Behind her, Egg rolled his eyes.
"Rhae," the King said mildly. "Where are your manners?"
But she was too excited to stop and find them. "Do the two of you really sleep in a cowshed?" she asked breathlessly. "Egg says you do. Can I see it? Are there cows inside?"
"Of course there aren't," Egg said, exasperated but she was on a roll.
"Tonight, I saw you in the great hall. I think you were the most impressive knight there, even with those one close by," she added, giving her brother a mocking look. "Do you want to sit on the dais with us tomorrow? Are you going to tell me more about sleeping under the stars?"
Speaking so rapidly and for so long finally led to a cough. She brought out a piece of true silk and wiped her lips.

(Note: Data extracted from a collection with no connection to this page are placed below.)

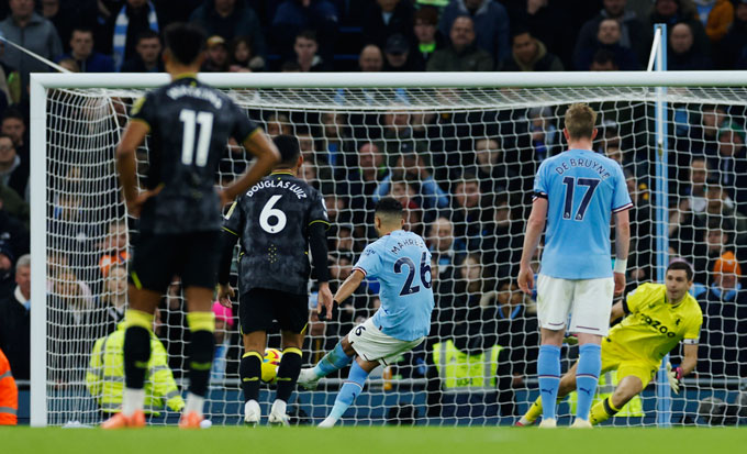 Trước khi hiệp 1 khép lại, Man xanh đã được hưởng 1 quả 11m sau khi Grealish bị Jacob Ramsey phạm lỗi trong vòng cấm. Mahrez là người thực hiện quả phạt đền và anh không mắc sai lầm nào để đánh bại Martinez.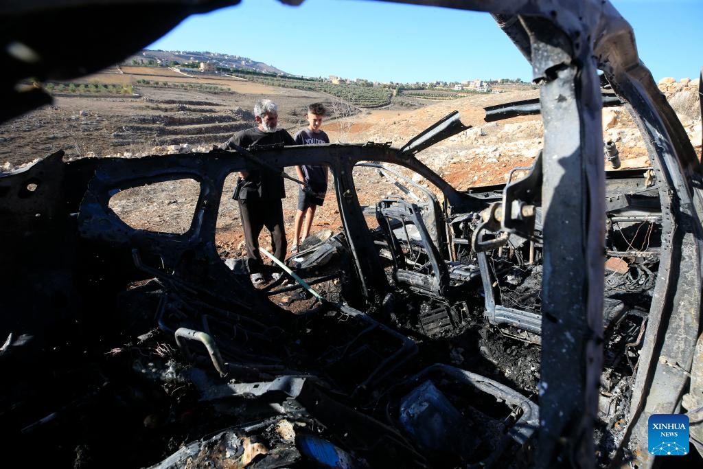 Local residents stand by the wreckage of a car that was bombed by an Israeli drone in Ainatha, Lebanon, Nov. 6, 2023. (Photo by Ali Hashisho/Xinhua)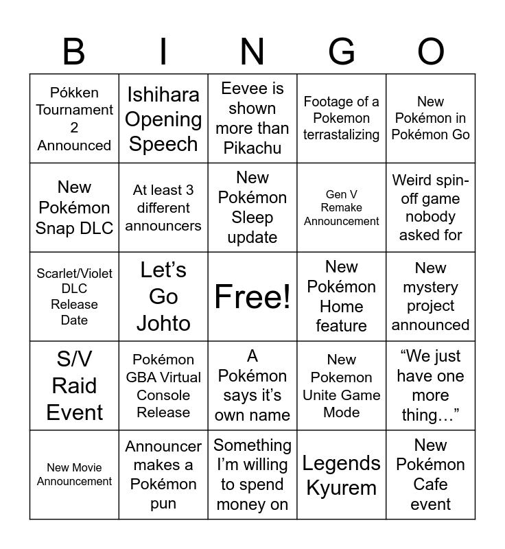 This bingo card has a free space and 24 words: Pokémon GBA Virtual Console Release, Announcer makes a Pokémon pun, New Pokémon Sleep update, New Movie Announcement, New Pokémon in Pokémon Go, Pókken Tournament 2 Announced, New Pokémon Snap DLC, Ishihara Opening Speech, New Pokémon Home feature, A Pokémon says it’s own name, Gen V Remake Announcement, Scarlet/Violet DLC Release Date, New Pokemon Unite Game Mode, “We just have one more thing…”, At least 3 different announcers, Legends Kyurem, New mystery project announced, Eevee is shown more than Pikachu, Weird spin-off game nobody asked for, Let’s Go Johto, New Pokémon Cafe event, S/V Raid Event, Footage of a Pokemon terrastalizing and Something I’m willing to spend money on.
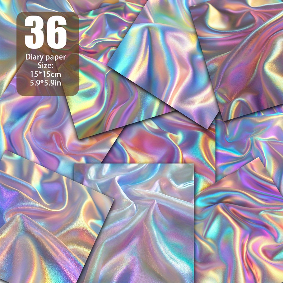 TEMU 36장의 아일러디언 홀로그래픽 스크랩북용 종이 - 메모리 앨범, 인사 카드, 배경, 크래프트용으로 부드럽고 반짝이는 패스텔 색상, 5.9" x 5.9" 크기, 메모리 앨범 | 패스텔 색상 | 부드러운 텍스처, 스크랩북 용품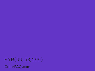 RYB 99,53,199 Color is a normal indigo color and the nearest color is Purple Heart Crayola #652dc1. Hex code #6335c7 and RGB value is rgb(99,53,199). In RGB color space, this color is composed of 39% red, 21% green, 78% blue, In CMYK color space, this color is composed of 50% cyan, 73% magenta, 0% yellow , 22% black , In HSL color space, this color has a hue angle of 259° , 58% saturation and 49% lightness.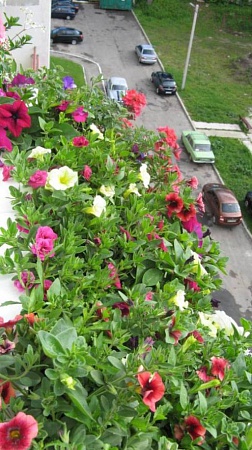 Покажу, что у меня сейчас... Специально сбегала в подъезд, пока солнце из-за тучек вышло)))) Вот что видят мои соседи. Это северная сторона балкона, цветов пока мало и те немногие, что были я поудаляла после вчерашнего сильного дождя(((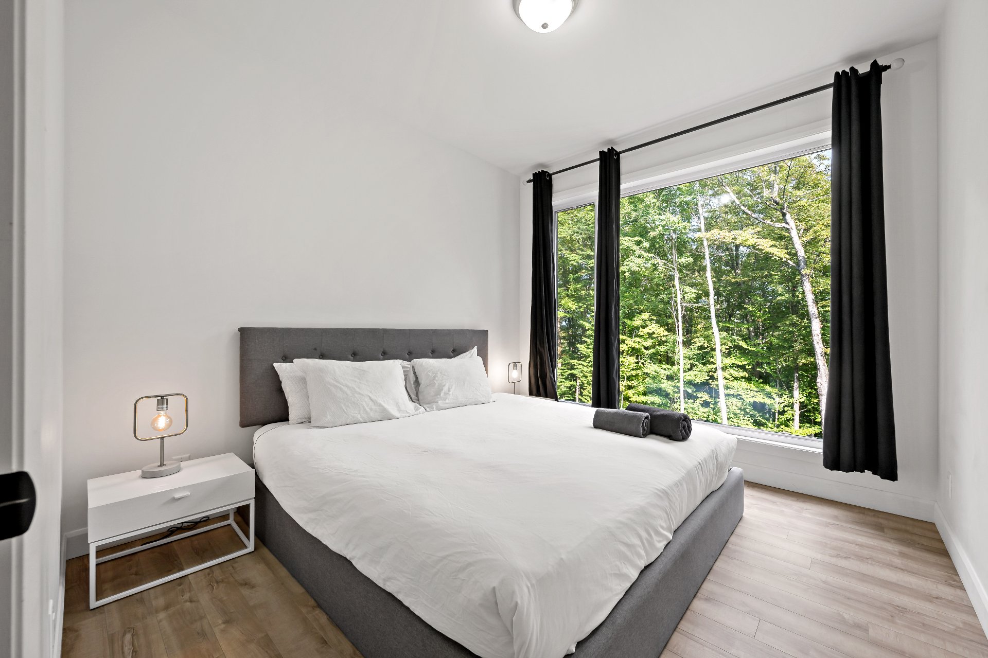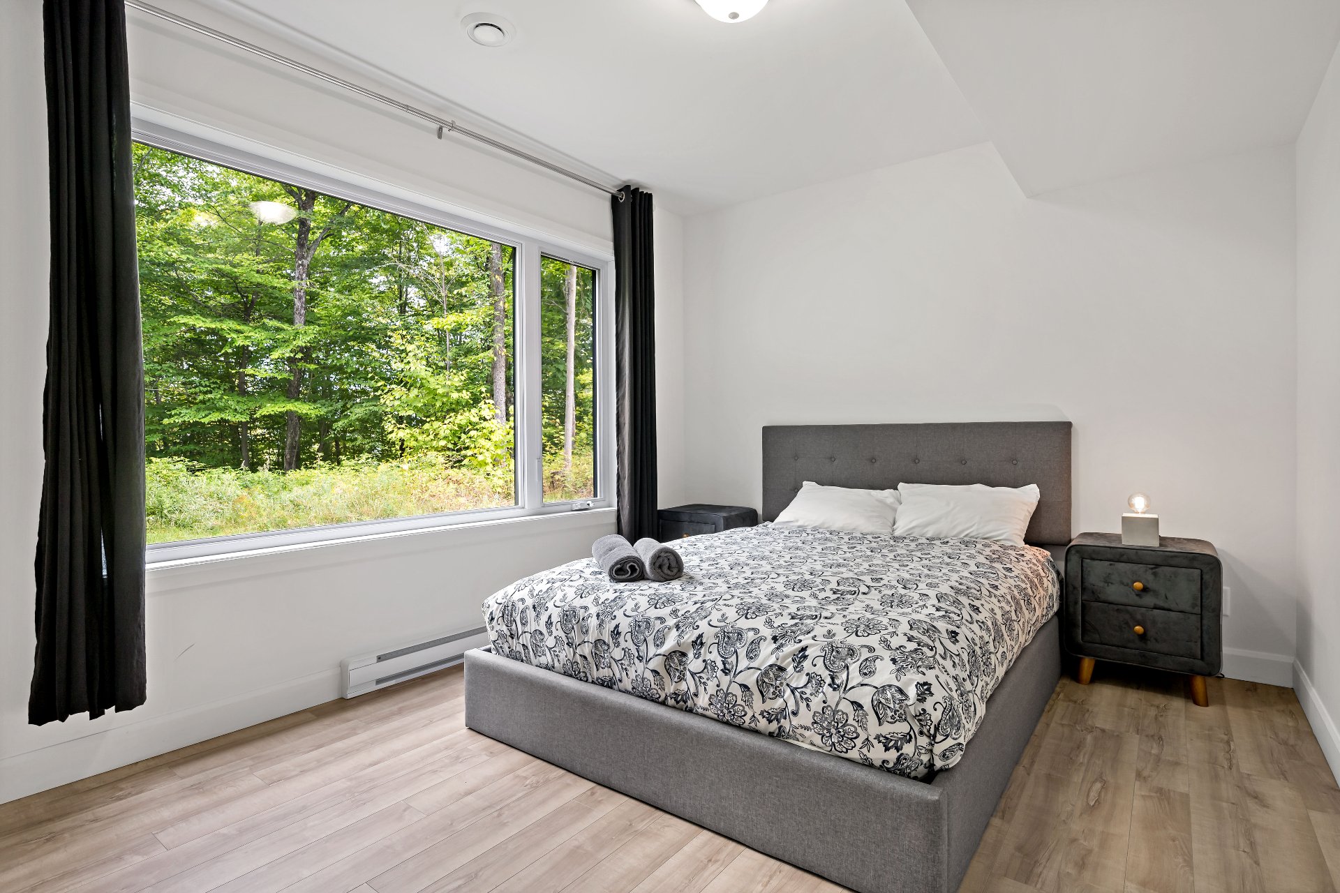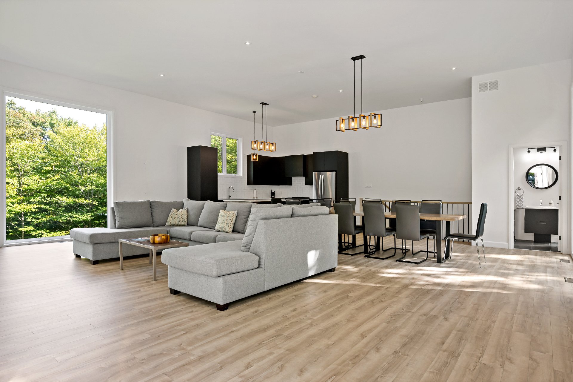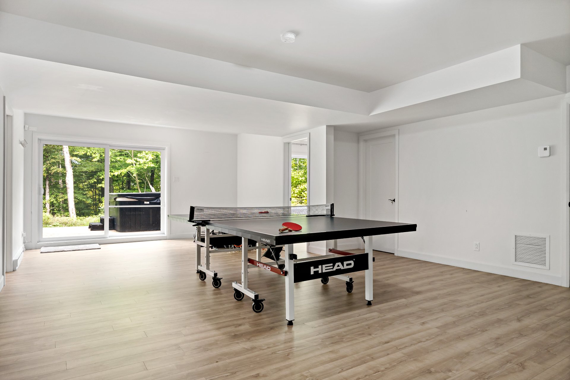 Short-term rentals allowed! This stunning 2023 contemporary home was thoughtfully designed to comfortably accommodate family and guests with its 7 spacious bedrooms. An impressive open-concept layout seamlessly connects the living room, kitchen, and dining area, perfect for entertaining. Floor-to-ceiling windows flood the space with natural light while showcasing the surrounding lush environment. Unwind in the inviting spa after a day of outdoor adventures. A true turnkey opportunity, sold fully furnished and located less than 20 minutes from the slopes of Mont-Tremblant.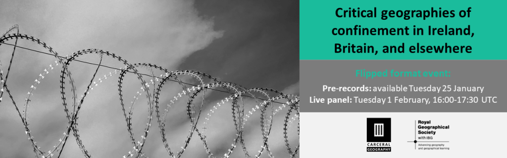 Critical geographies of confinement in Ireland, Britain, and elsewhere is a flipped format event, with pre-recorded presentations available online, followed by a live panel discussion:
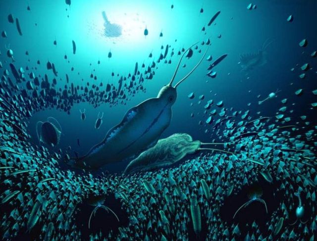 거대한 원시 화살벌레가 다른 해양동물을 사냥하는 재구성도. / 극지연구소 제공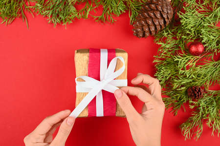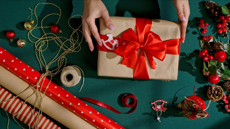 Top view of female hands holding a beautifully wrapped Christmas gift in kraft paper with a shiny red satin bow. Festive decorations surround the gift, creating a warm and joyful holiday atmosphere.

Dunk's eyes went to the King's face which had gone grey again, with something like despair encroaching. A look at Rhae's face revealed what had been hidden until now. Her eyes had no white – it was stained with yellow. The girl was suffering the consumption. The Yellow Handmaiden, it was called, for every so often she brought those she struck at the Stranger's feet. Once again, Daeron looked old and broken, looking unhappily at the scarlet spots that now stained the silk. But now Dunk knew that he would never forget him. And never think him uninspiring again.